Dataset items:
# # #

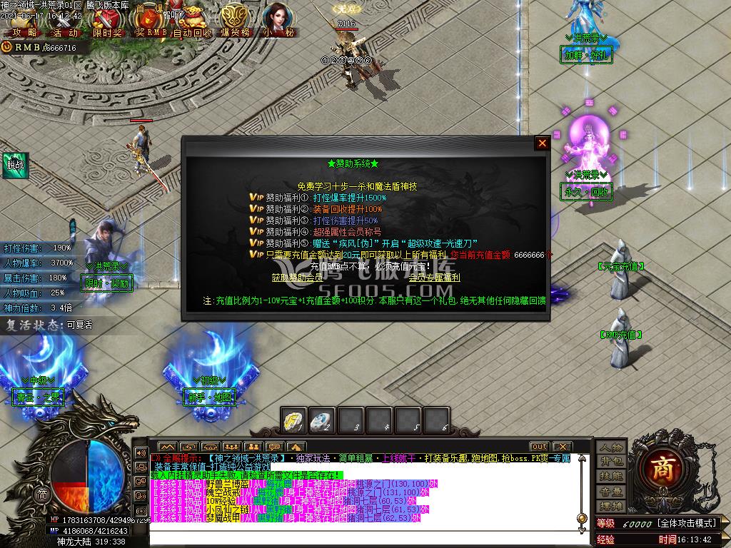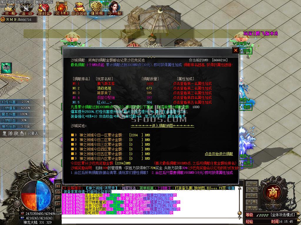 ★★充值玩家攻略★★: ★30元沙捐献★ (爆率提升3000%,打怪伤害50%,攻击提升10%,生命值+10%,半月技能,群毒。 送+9套)
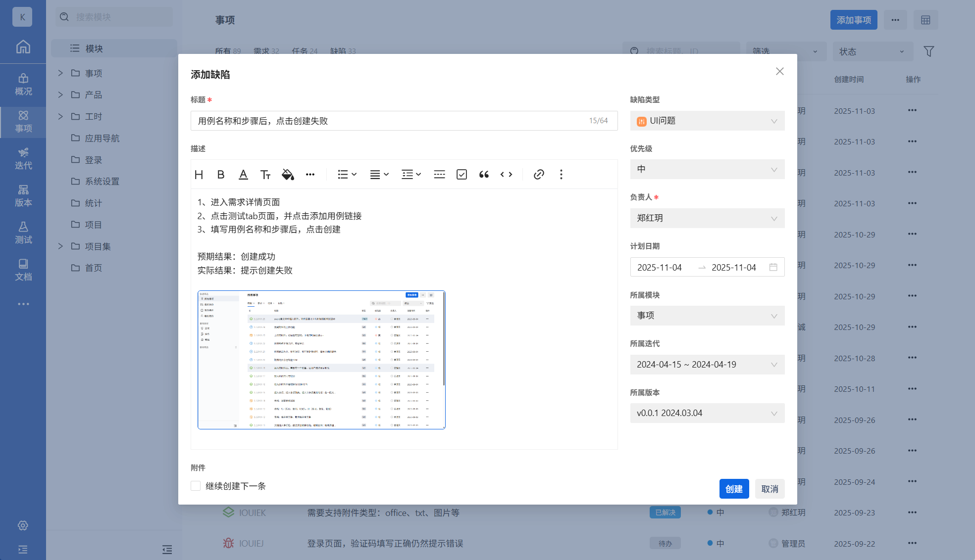 | 事项管理 | 内置事项类型 | ✔ 仅有bug类型 | ✔ |
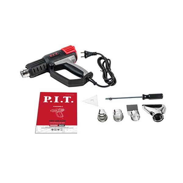 Фен строительный электрический МАСТЕР, 2000Вт, 50-600°С, 300-500л/мин, 3 скор, кейс PIT PHG 2000-C, описание:
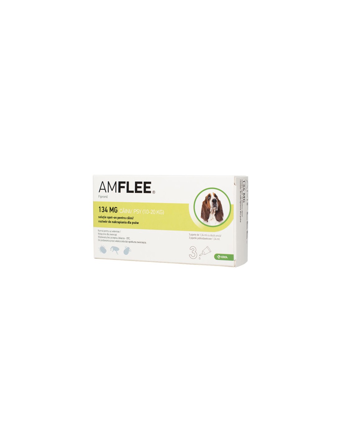Amflee Spot On Caini, 10-20 kg, este un produs antiparazitar de uz extern ce contine fipronil si este indicat in tratamentul si prevenirea infestatiilor cu purici (Ctenocephalides spp) capuse (Rhipicephalus spp Dermacentor spp Ixodes spp) si a infestatiilor cu paduchi malofagi Trichodectes canis la caini. Amflee Spot-on are o eficacitate insecticida persistenta de pana la 2 luni impotriva puricilor si o eficacitate acaricida de pana la 4 saptamani impotriva capuselor. Amflee Spot-On poate fi utilizat ca parte a strategiei de tratament pentru dermatita alergica cauzata de intepaturile puricilor (FAD) in cazul in care aceasta a fost diagnosticata anterior de catre medicul veterinar.
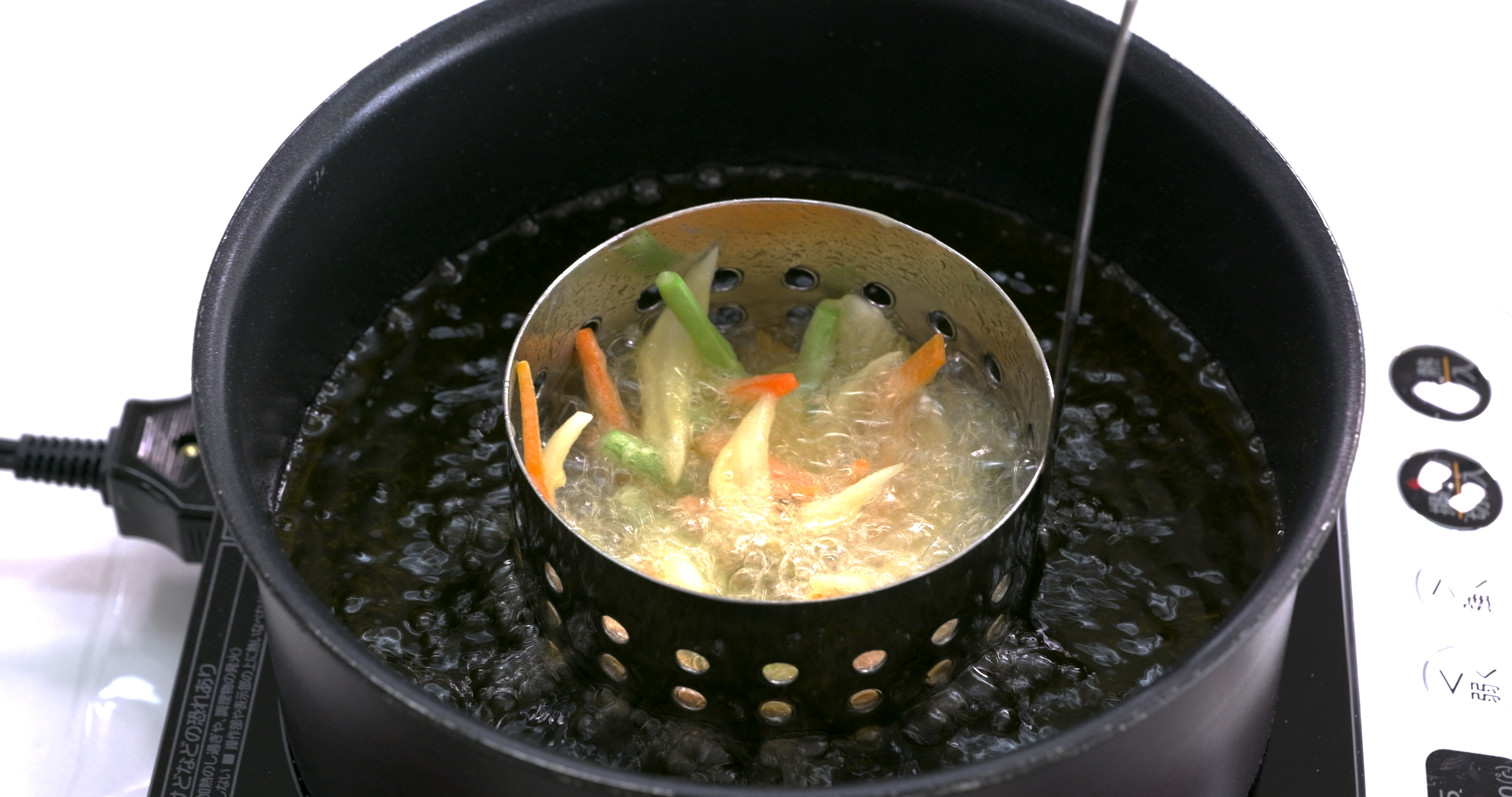 ④鍋に油を入れて170度~180度に熱する。

# # #

Skip the pictures, then retype every line above exactly.

Response for this exercise:
 ★★充值玩家攻略★★: ★30元沙捐献★ (爆率提升3000%,打怪伤害50%,攻击提升10%,生命值+10%,半月技能,群毒。 送+9套)
 | 事项管理 | 内置事项类型 | ✔ 仅有bug类型 | ✔ |
 Фен строительный электрический МАСТЕР, 2000Вт, 50-600°С, 300-500л/мин, 3 скор, кейс PIT PHG 2000-C, описание:
Amflee Spot On Caini, 10-20 kg, este un produs antiparazitar de uz extern ce contine fipronil si este indicat in tratamentul si prevenirea infestatiilor cu purici (Ctenocephalides spp) capuse (Rhipicephalus spp Dermacentor spp Ixodes spp) si a infestatiilor cu paduchi malofagi Trichodectes canis la caini. Amflee Spot-on are o eficacitate insecticida persistenta de pana la 2 luni impotriva puricilor si o eficacitate acaricida de pana la 4 saptamani impotriva capuselor. Amflee Spot-On poate fi utilizat ca parte a strategiei de tratament pentru dermatita alergica cauzata de intepaturile puricilor (FAD) in cazul in care aceasta a fost diagnosticata anterior de catre medicul veterinar.
 ④鍋に油を入れて170度~180度に熱する。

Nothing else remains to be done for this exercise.